Furthermore, it was concluded from the obtained results that PIs estimated with a 90% confidence level are 35% wider than PIs estimated with an 80% confidence level. After comparing the accuracy of the models, the superior models for both point prediction and PI estimation tasks were used for future projections of the temperature and precipitation for both stations. In this way, two periods, 2046–50 and 2096–2100, were considered as near and far future periods and a base period for each station was considered from the validation subset of data for comparison. The achieved results illustrated that Tabriz station is going to face droughts in the dry season, especially in the far future, accompanied by warmer winters and drastic changes in the climate regimes, such as no more expected snowfall. These results warn the planners and decision-makers to design advanced plans in an adaptable way with the mentioned changes. It is suggested to assess the possible ways to catch and store storm water, such as with artificial lakes and constructing groundwater recharging zones (Thomas 1987). Moreover, since the decrease in precipitation increases the stress on groundwater resources, it is suggested to develop sustainable groundwater consumption plans. Although the magnitude of the extreme precipitation is expected to be decreased in the region of the Rasht station, more sustaining precipitation with lower intensity is also expected, particularly in the far future. Sustaining rainfalls can result in raising groundwater levels and groundwater floods. Therefore, it is suggested for decision-makers and planners to include groundwater flood prevention systems in urban development plans. Furthermore, precipitation and temperature projections suggest that a more uniform climate pattern is expected in the region of the Rasht station by showing the effects of similar climates in different seasons in the results.

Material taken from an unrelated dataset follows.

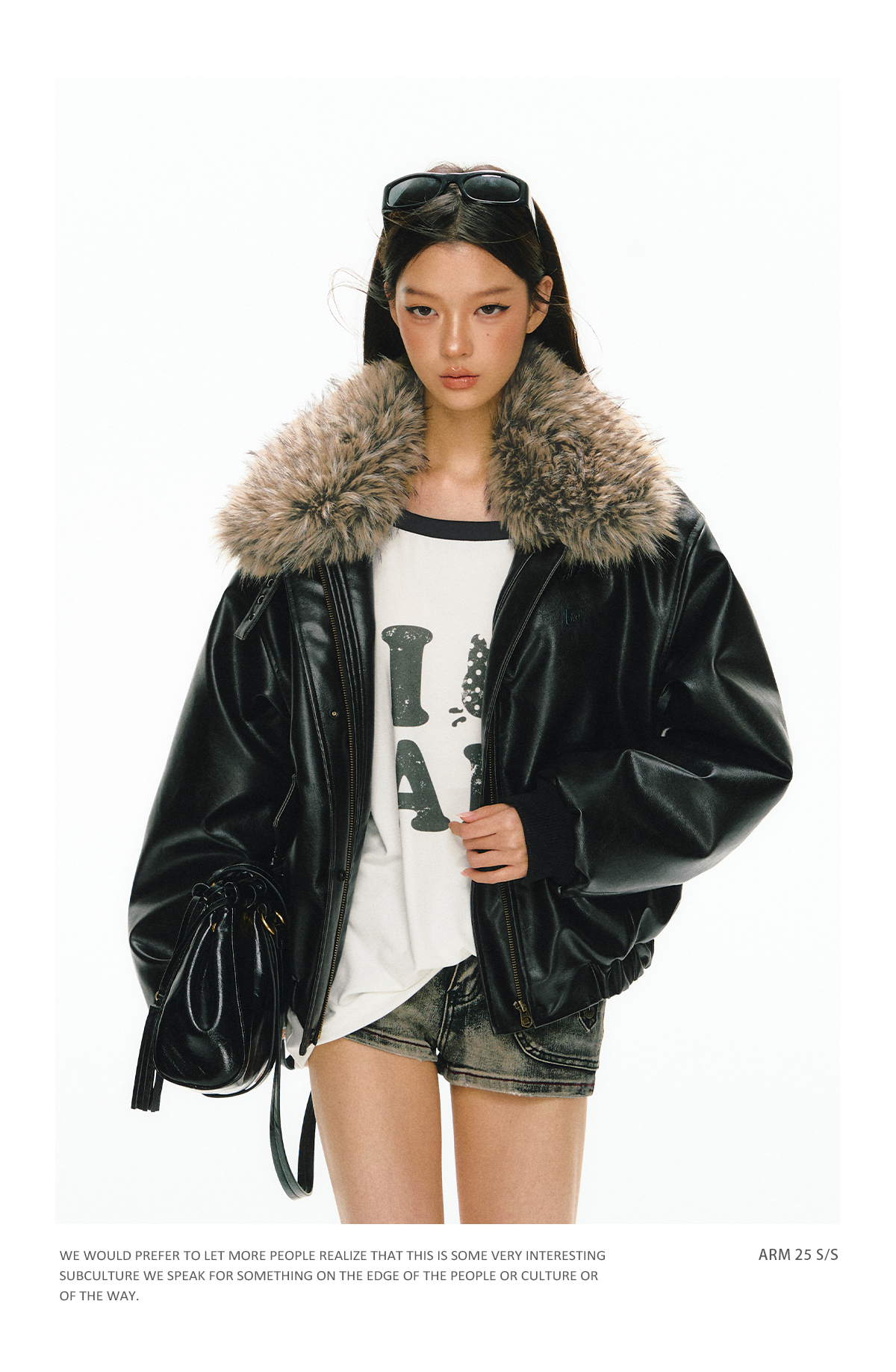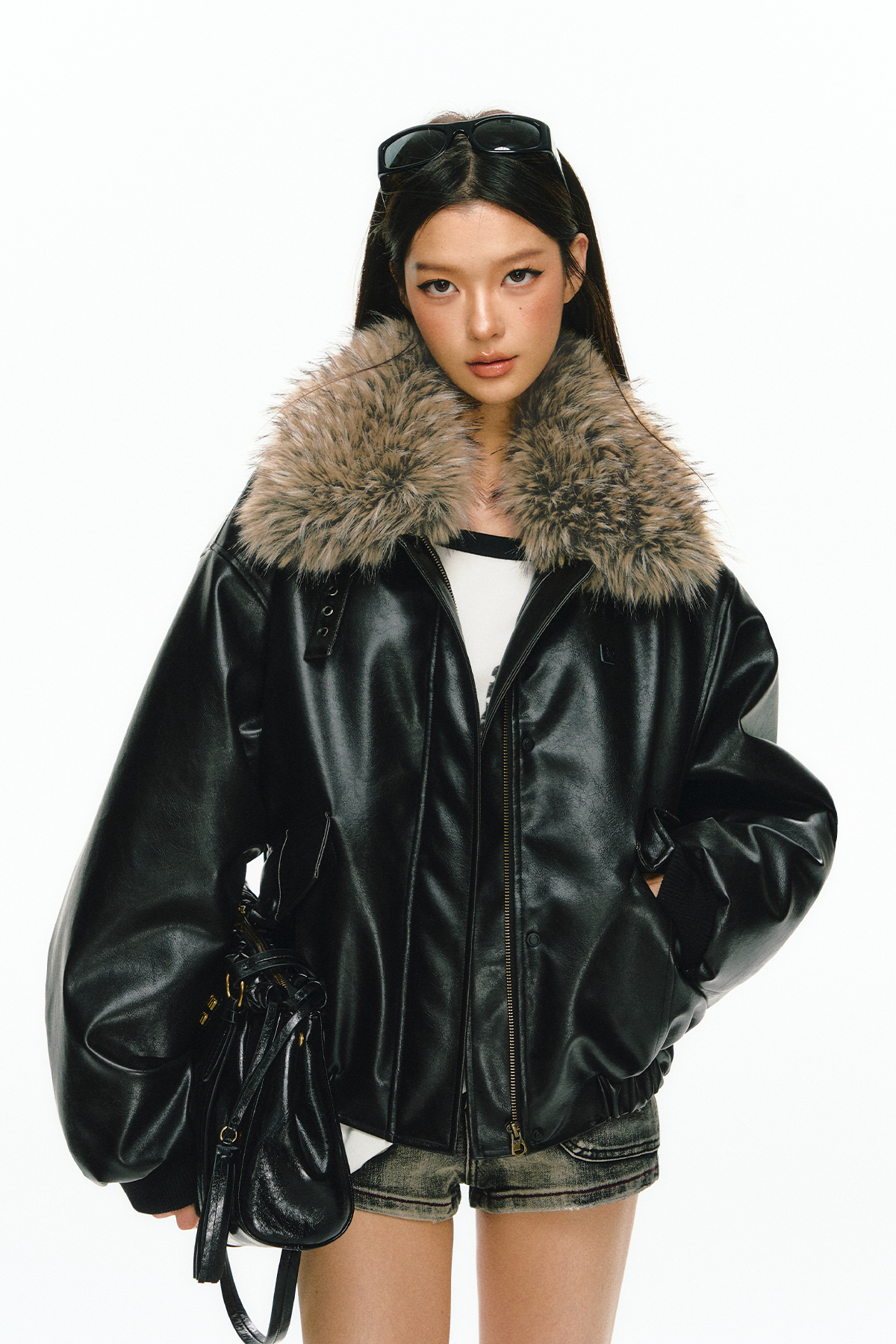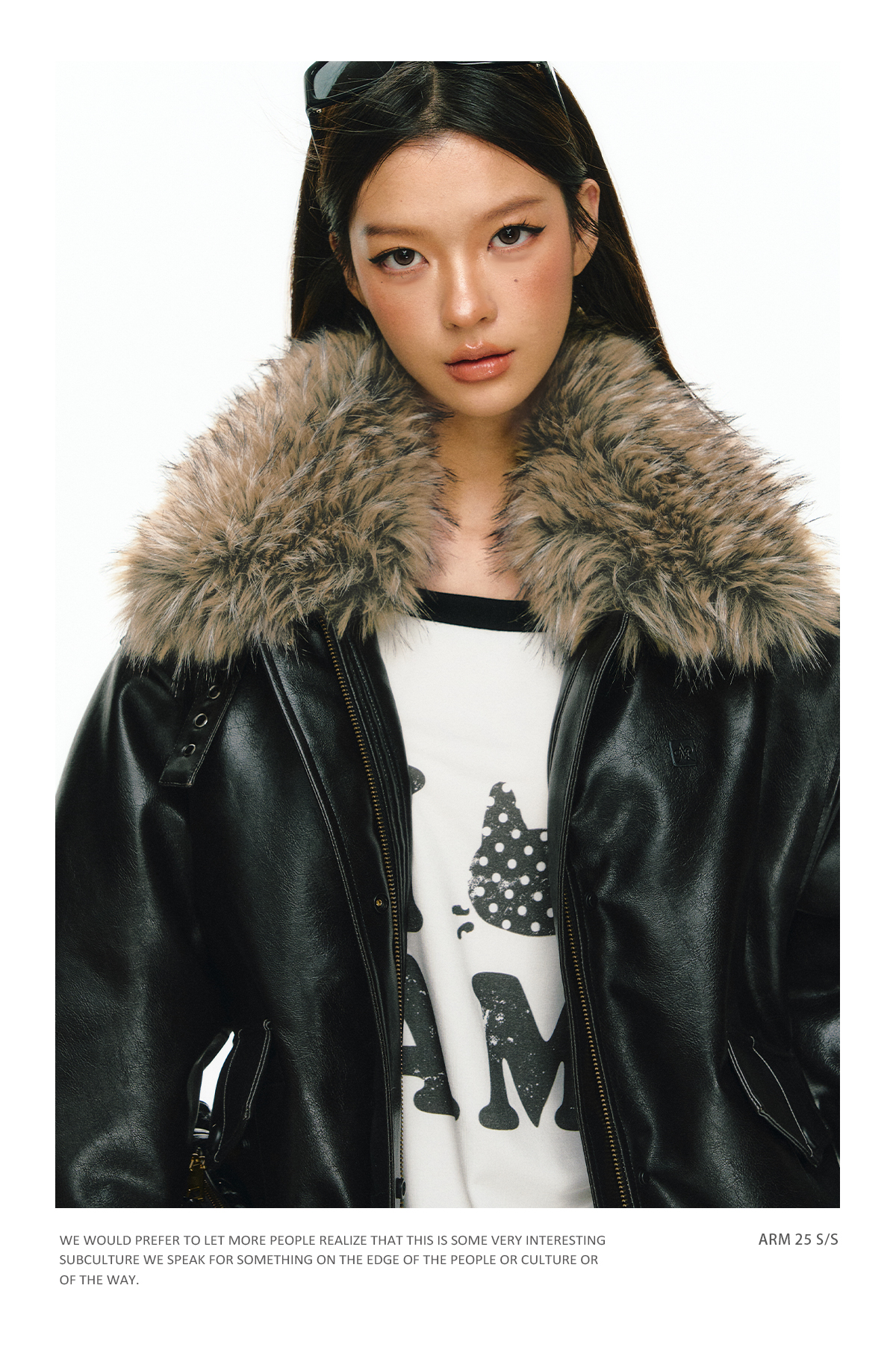 Ariseism 美式复古设计感可拆卸毛领棉服皮外套女冬新款修身上衣

Since this study was based on a single GCM and a single future scenario, it is suggested for future studies to use a multi-GCM and scenario ensemble approach with an LSTM-based LUBE method to cover more uncertainty sources. Also, it is suggested to downscale GCM data with the methods employed in this study to model or downscale other hydroclimatologic parameters. Also, applying different data-preprocessing methods, such as wavelet linked to the mentioned methods, is suggested to enhance the accuracy of the results. In addition, LSTM-based LUBE has been shown to perform reliably in two different regions. Since only GCM outputs and observed synoptic scale data are provided to the model, there is still a need for training different models for different regions; a single trained model is not applicable for different regions at the moment. However, to enhance the generalizability of the model and include physical knowledge in the model, employing topographical maps and distance of the grid points from the synoptic station via image processing can also be explored in future research. Ultimately, data-driven models are highly sensitive to the amount of data used, and in cases of small datasets, models are susceptible to outliers and anomalies in the data. Therefore, a larger dataset can reduce the risk of being affected by low-quality data. Consequently, employing daily GCM data and synoptic station observations in future research can increase the reliability of the LSTM-based LUBE model for uncertainty quantification of statistical downscaling.
Acknowledgments.
This work was supported by the core-to-core project, the Japan Society for the Promotion of Science (JSPS) (Grant JPJSCCB202200044), and the Disaster Prevention Research Institute (DPRI) internal research fund (Grant 2022L-04).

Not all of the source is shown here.